Crocs Q1 Profit Slips, Revenues Creep Higher

The actor often sports Dolce & Gabbana and Christian Louboutin.

The combination of the late Easter, adverse currency impacts in Japan and Russia, and a change in product mix hurt Crocs Inc.’s profits in the first quarter. But a lift in sales for the period beat the Street’s expectations.

The Niwot, Colo.-based firm reported net income of 6 cents per diluted share for the first quarter, compared with 33 cents in the prior corresponding period.

Excluding certain restructuring charges, diluted earnings per share were 14 cents, down from 35 cents in the same period last year.
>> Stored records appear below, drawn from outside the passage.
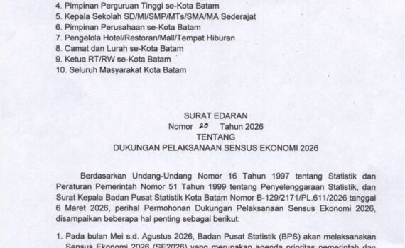 Diskominfo Batam – Pemerintah Kota (Pemko) Batam resmi menerbitkan Surat Edaran Wali Kota Batam (SE) Nomor 20 Tahun 2026 tentang Dukungan Pelaksanaan Sensus Ekonomi 2026 (SE2026). Langkah ini merupakan bentuk komitmen […]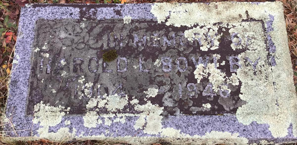 Parents Father: BOWLBY, Howard Elmer Mother: TAYLOR, Lottie Love Birth Born on December 26, 1904 in Aylesford, Kings Co., NS Death Died on March 09, 1946 in Kentville, Kings Co., NS Buried in Aylesford Union Cemetery in Aylesford, Kings Co., NS Marriages ROBBINS, Dora Crosby Married on March 12, 1934 in Pleasant Lake, Yarmouth Co., NS Children BOWLBY, Jon Howard: August 25, 1937 - June 15, 1965 BOWLBY, David Robbins: October 07, 1938 BOWLBY, Donald Harold: August 10, 1940 - February 06, 2018 Notes Occupation: Farmer Death: Renitonitis/ Appendicitis Sources Nova Scotia Deaths: #2773 Images Harold Bowlby Harold Bowlby Death Harold Bowlby Marriage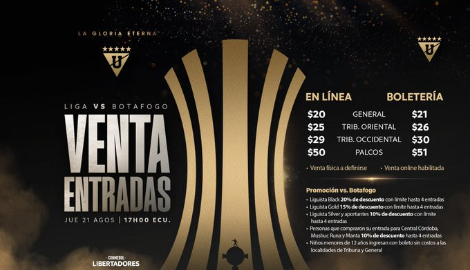 Liga de Quito habilitรณ la venta de entradas de manera digital para el encuentro contra Botafogo de Brasil, por los octavos de final de la Copa Libertadores 2025.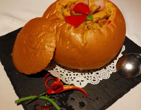 餐厅环境宽敞舒适,装修充满异域风情的。主打粤菜、东南亚风味菜系。香茅烤鸡,油亮酥脆的鸡皮看上去让人食欲大增,别有一番风味;石锅咖喱虾,散发着浓浓的咖喱香气,拿来拌饭最好不过;酥皮豆腐也是特色之一,小巧玲珑的豆腐块,香酥脆口。

The result fell short of analysts’ consensus forecast of 17 cents.

Revenue for the period increased 0.2 percent to $312.4 million, in line with the firm’s prior guidance for between $305 million and $315 million, and ahead of the Street’s forecast of $311 million.

Crocs President and CEO John McCarvel said the result met company forecasts as it continues its search for a replacement leader. As previously announced, McCarvel will step down as CEO today, with Chairman Thomas Smach serving as interim leader. 
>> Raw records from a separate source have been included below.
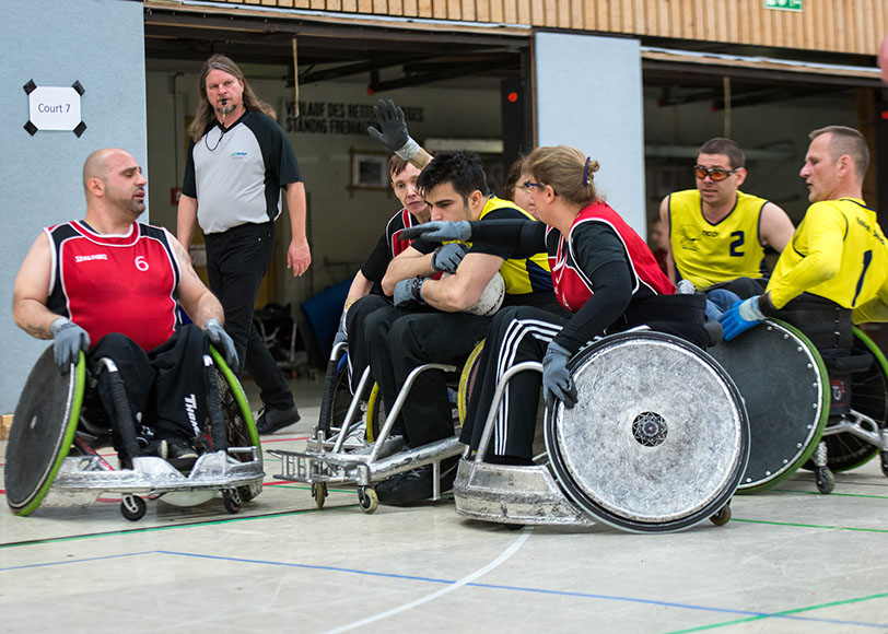 Rollstuhlrugby ist ein Hallensport, der von zwei Mannschaften mit je vier Spielern auf einem Spielfeld der Größe eines Basketballfeldes gespielt wird. Ziel ist es, Punkte zu machen, indem ein Spieler mit dem Ball (Volleyball) über die gegnerische Torlinie fährt. Die defensive Mannschaft versucht durch Blocken, Stoßen und Rammen mit dem Rollstuhl Tore zu verhindern und den Ball zu erobern. Körperkontakt wird mit Foul bestraft, Rollstuhlkontakt ist dagegen übliches und erwünschtes Mittel.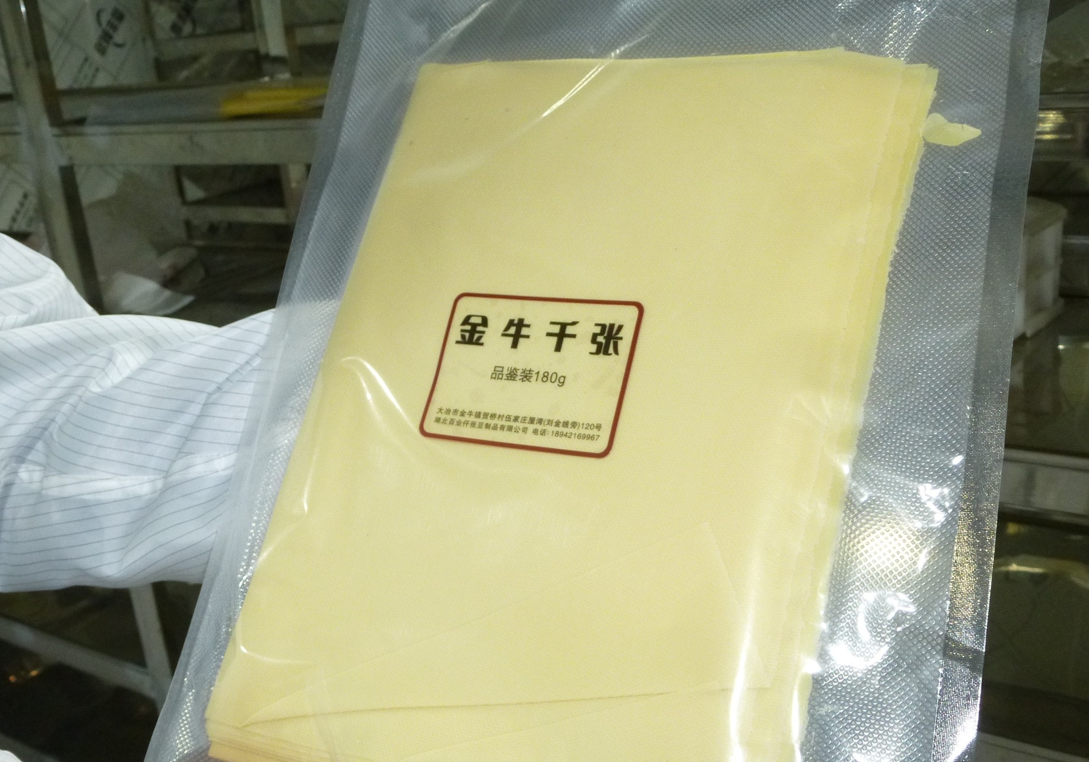 隨后,記者來到公司產品包裝區,烘干后的千張產品整齊碼放,千張塊、千張絲、千張結、菊花千張等多種形態各異、色澤誘人的成品,正被工人細心地裝入包裝箱,即將發往全國各地。詹巍拿起一袋千張結展示:“你看這金燦燦的,多誘人!我們用的是東北優質非轉基因大豆,生產中只加豆子和水,零添加,所以豆香特別濃郁純正。”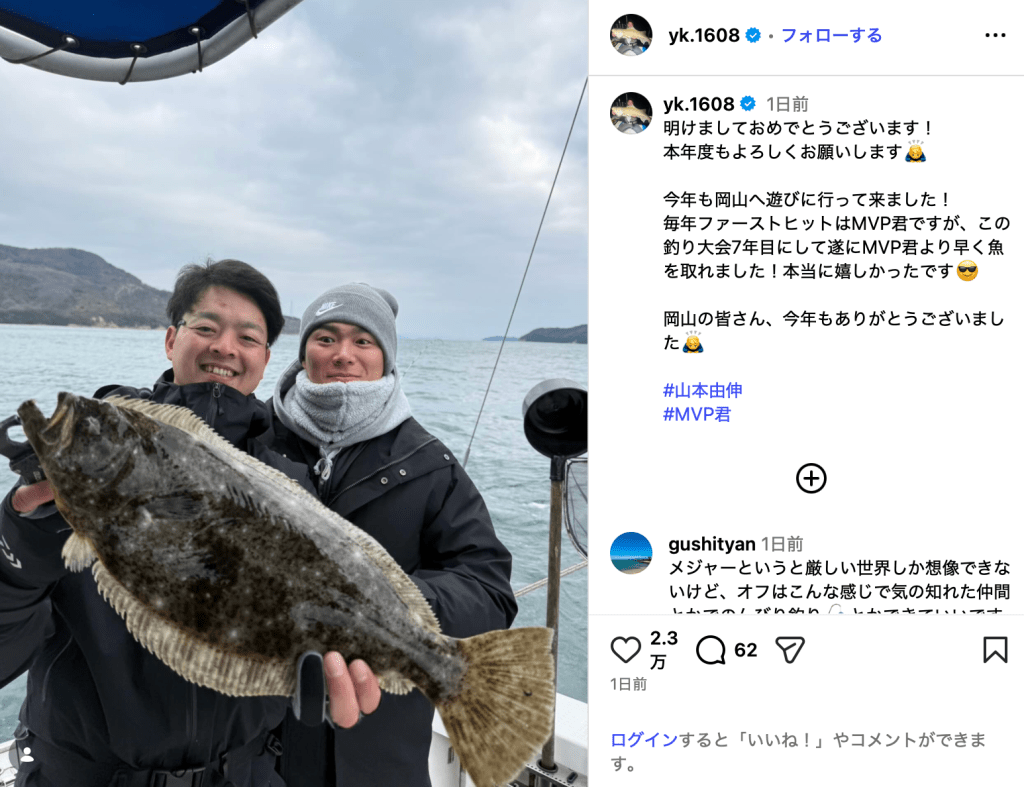 「明けましておめでとうございます!本年度もよろしくお願いします」と投稿されたのは、大きな魚を持ってほほ笑む黒木と山本の写真。山本の地元でのオフを楽しんだ様子だった。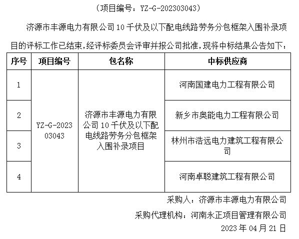 米兰MiLan(中国)市丰源电力有限公司10千伏及以下配电线路劳务分包框架入围补录项目中标结果公告

“From a segment perspective, our Asia segment continued to deliver solid quarterly revenue growth across all channels, and our Europe segment remained on the positive trajectory, which started late last year,” McCarvel said.
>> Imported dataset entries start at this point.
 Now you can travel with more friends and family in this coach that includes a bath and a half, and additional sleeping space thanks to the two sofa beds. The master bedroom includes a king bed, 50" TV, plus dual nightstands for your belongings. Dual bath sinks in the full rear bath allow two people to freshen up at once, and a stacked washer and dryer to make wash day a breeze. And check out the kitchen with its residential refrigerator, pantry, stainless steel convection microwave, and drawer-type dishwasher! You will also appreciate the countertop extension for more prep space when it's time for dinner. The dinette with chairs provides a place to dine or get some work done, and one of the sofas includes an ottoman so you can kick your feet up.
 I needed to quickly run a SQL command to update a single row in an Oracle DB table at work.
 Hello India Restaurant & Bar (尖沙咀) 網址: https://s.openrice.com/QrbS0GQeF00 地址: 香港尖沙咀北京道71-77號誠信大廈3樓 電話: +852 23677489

The firm is forecasting GAAP revenue of between $370 million and $375 million in the second quarter of 2014, slightly below consensus forecasts of $377.4 million.

On a conference call with investors and analysts, Jeff Lasher, Crocs CFO, detailed the company’s restructuring efforts following the closing of its Blackstone investment and the retirement of McCarvel, which marks a period of transition as Crocs focuses on increasing shareholder returns and rejiggering its product mix.

“We believe the investment by Blackstone conveys a strong financial commitment in our brand, together with our strong balance sheet that will enhance our long-term growth strategy and shareholder returns,” Lasher said on the call.

“In 2014, as we intend to increase focus on profitability and retail excellence, we may moderate the pace of our investments in new retail stores, as well as consolidate some existing locations. We’ll provide this in more detail as we move forward during the year,” he added.

Of the company’s merchandise mix, Lasher said, “As we continue to diversify our product line with new footwear brands such as the Stretch Sole and Busy Day and carryover products such as the Huarache and A-Leigh wedge, we are experiencing a reduction in Clog sales as a percentage of revenues.”

Shares of Crocs were 14 cents, or 0.1 percent higher, at $15.27 in morning trading on Thursday.